Okay, fine. Perhaps the Christ is nothing more than a manifestation of the human desire for transcendence, some kind of wish-fulfilling emanation from the collective unconscious, if you can believe in such things. Perhaps. But if he is merely a product of humanity’s perpetual pipe dream of eternal life, why does he so often speak of hell and judgment? Why does he hold forth a version of law that is unattainably strict? Why does he exclude some and welcome others? Why does he offend the Gentiles by making the Jews central to his purposes and offend the Jews by offering salvation to the Gentiles? If he represents the collective fond wishes of humanity, which segment of humanity does he actually represent, if any?

How does any of that make sense?

Perhaps, then, the Christ is merely a fictional creation of the Roman Caesars offered to the oppressed masses within the Empire in order to keep them cooperative, pacified and paying their taxes on time. But if so, where did Roman con artists acquire their knowledge of Hebrew culture, history and religion; knowledge so deep and authentic as to convince highly educated Jews all over the world that their con job was the real deal? How did these frauds so effectively co-opt Hebrew mythology and turn it to their own political ends, and why on earth would they bother when the Jewish state had already been crushed and its people dispersed?
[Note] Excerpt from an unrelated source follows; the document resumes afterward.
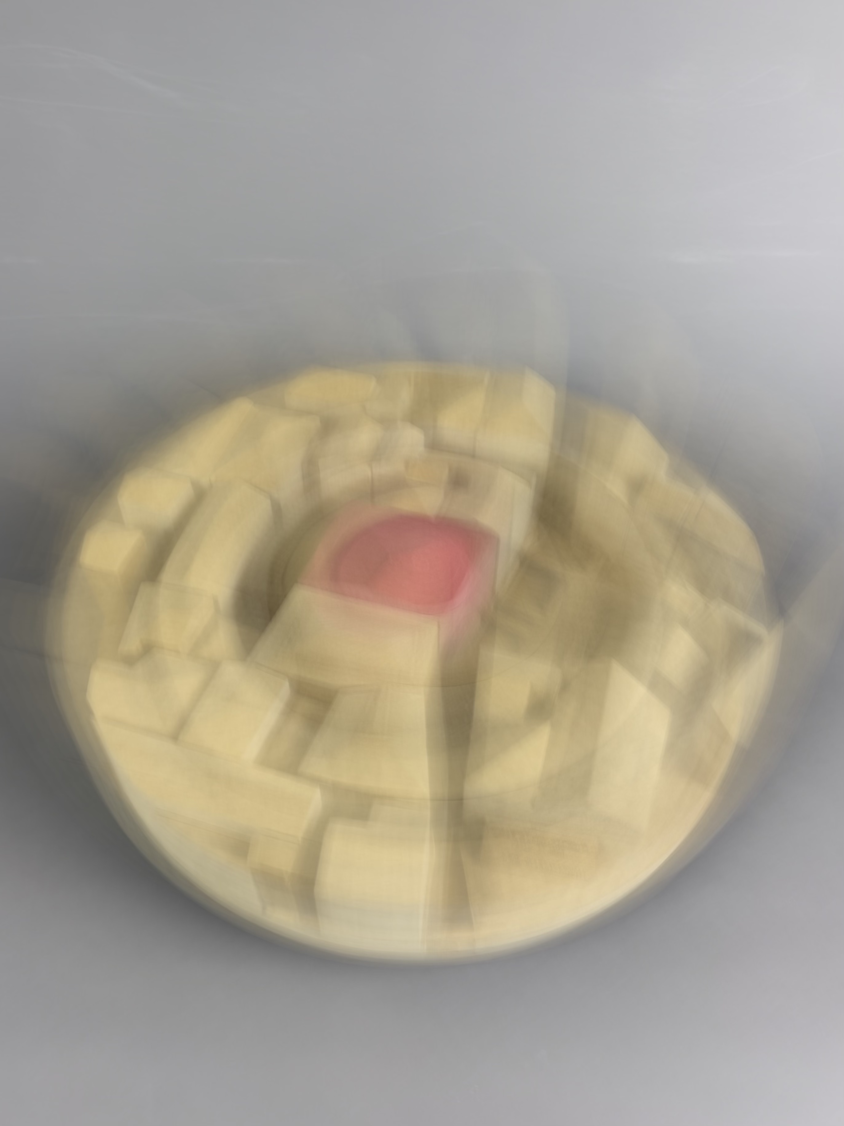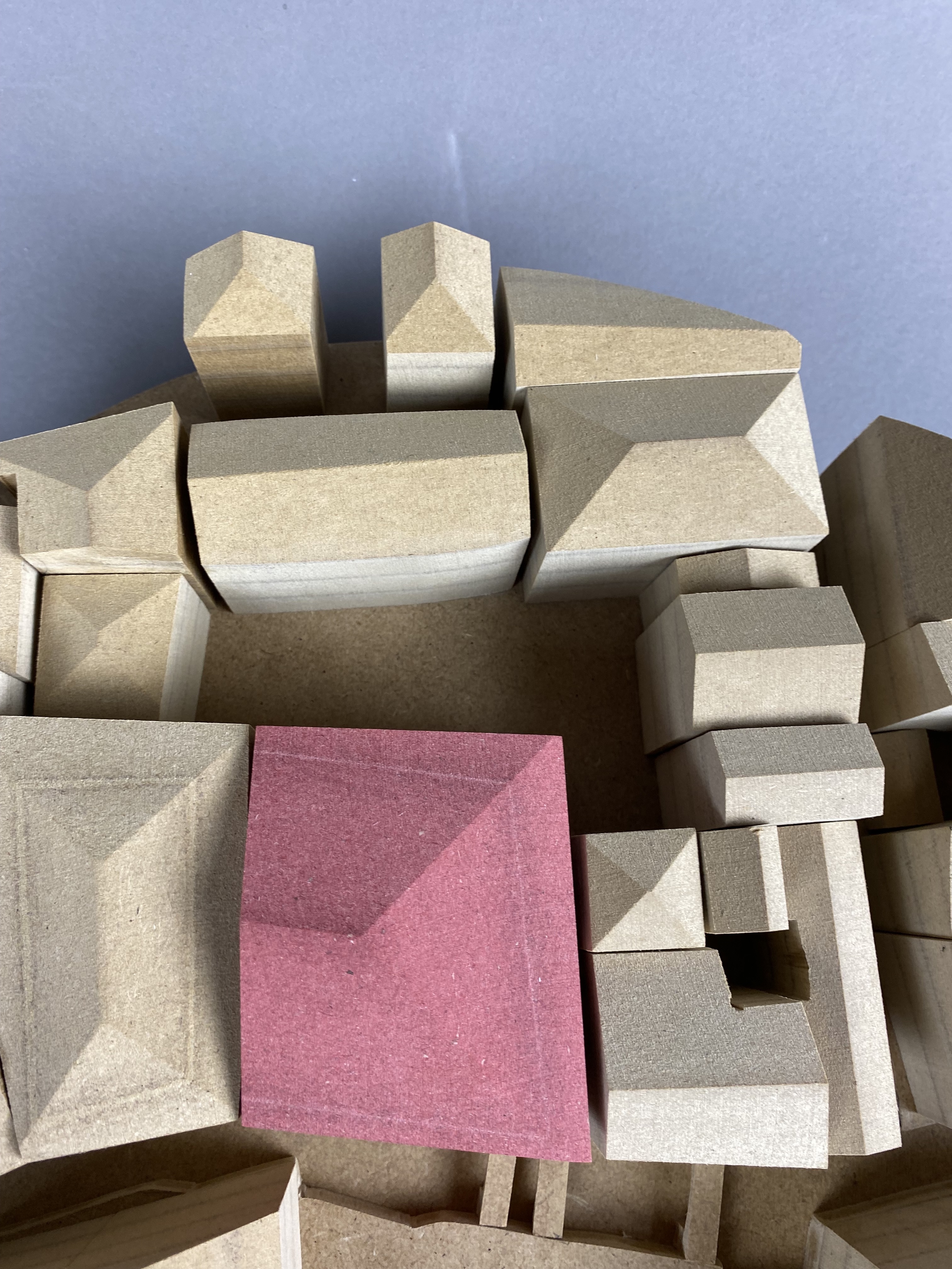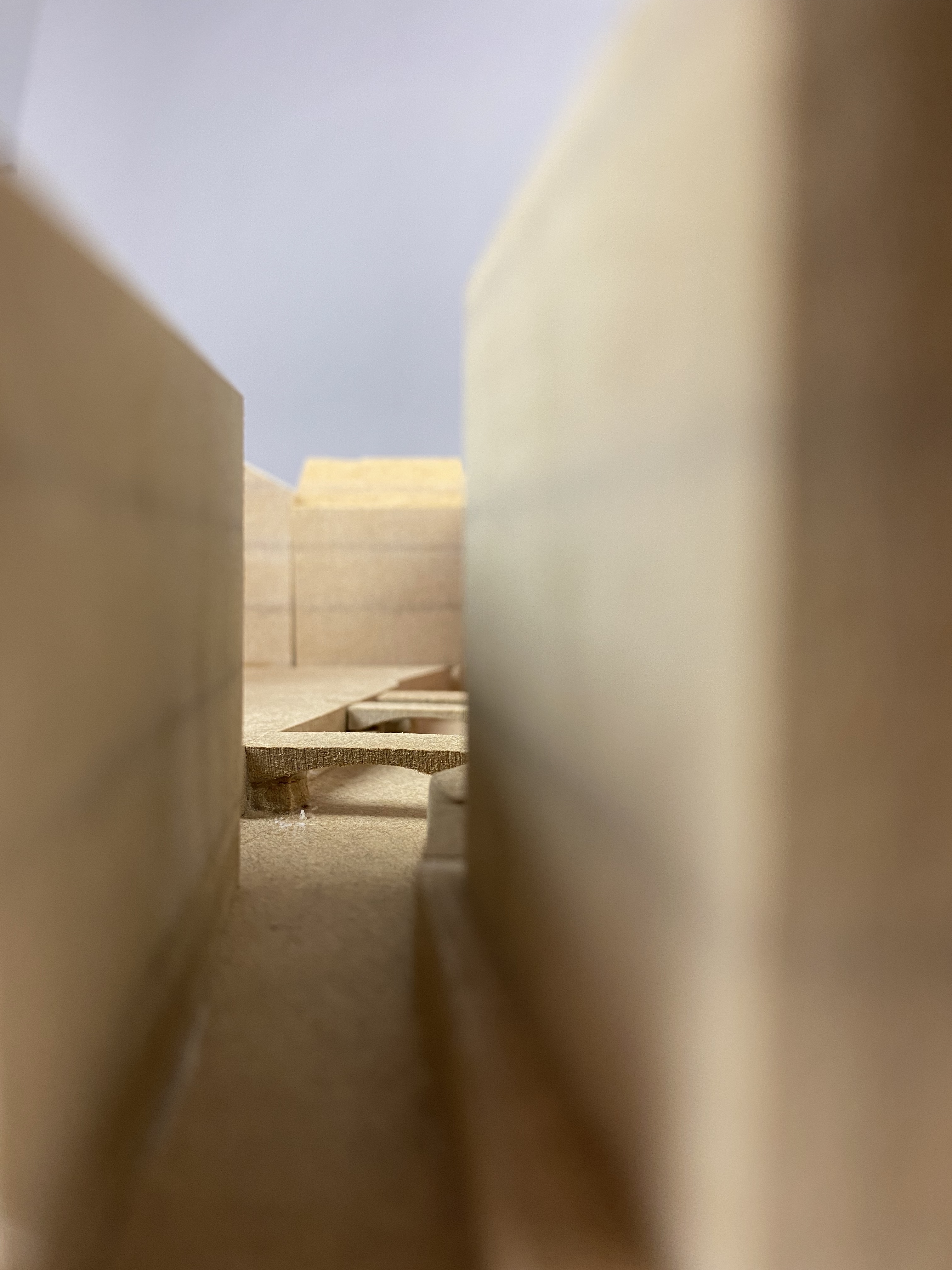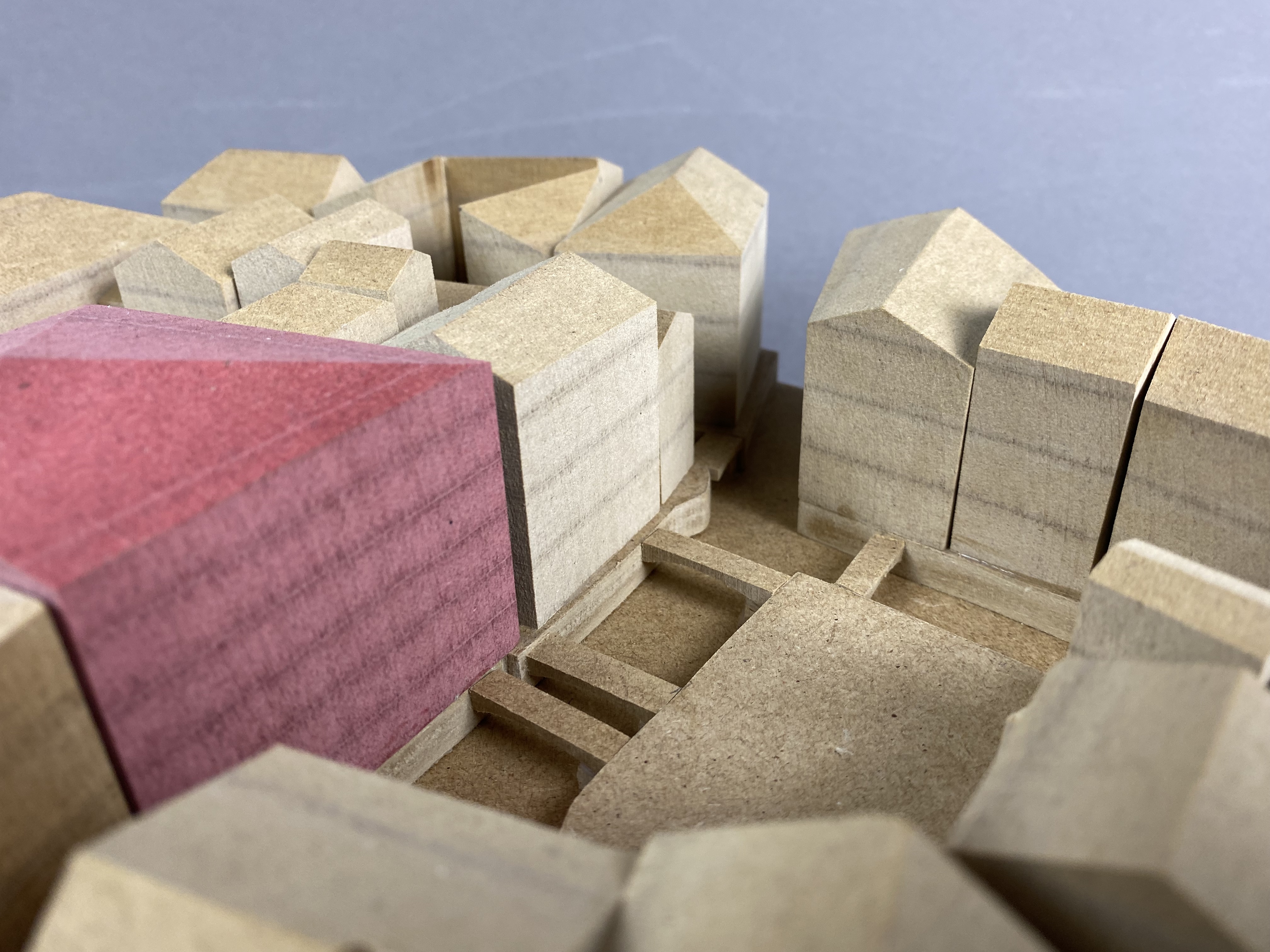 Carlo Scarpa is the architect behind the modern renovation of the garden and part of the ground floor for the Venetian institution Querini Stampalia. Scarpa is admired for his balanced combination of old and new elements, as well as on a great workmanship of the materials. The model represents the context of the building. It shows the relation to Venice's canals, squares, streets and surrounding houses. By placing the model on a twirling plate, the spectator is able to easily see into all narrow alleys between the buildings. The massive buildings are significant to the experience of the location, hence, mdf was a suitable material to illustrate in. The brown 12mm-thick discs symbolize floors on a scale of 1:300.

How is any of that remotely credible?

Enigmas and Answers

Then there’s the character of the Christ himself. He’s a mystery, really. A champion of the poor and downtrodden who nevertheless told them to obey the corrupt religious authorities that oppressed them, all the while confronting and chastising those same authorities to their faces. A healer who suffered. A judge who did not condemn. A servant who would one day reign. But despite his enigmatic qualities, a character sufficiently plausible, unified and unifying to motivate good works, obedience to God and in some cases martyr-level personal commitment in Jew and Gentile alike across thirty-plus centuries, in many cases before he even stepped into history.

How likely is that ... unless he really existed and the power he promised to his followers was genuinely given to them?

For every question it purports to answer, the Christ-as-fiction narrative raises ten more. Personally, I find it significantly easier to believe in the inspiration of scripture than in a 1,600 year conspiracy with no conceivable point.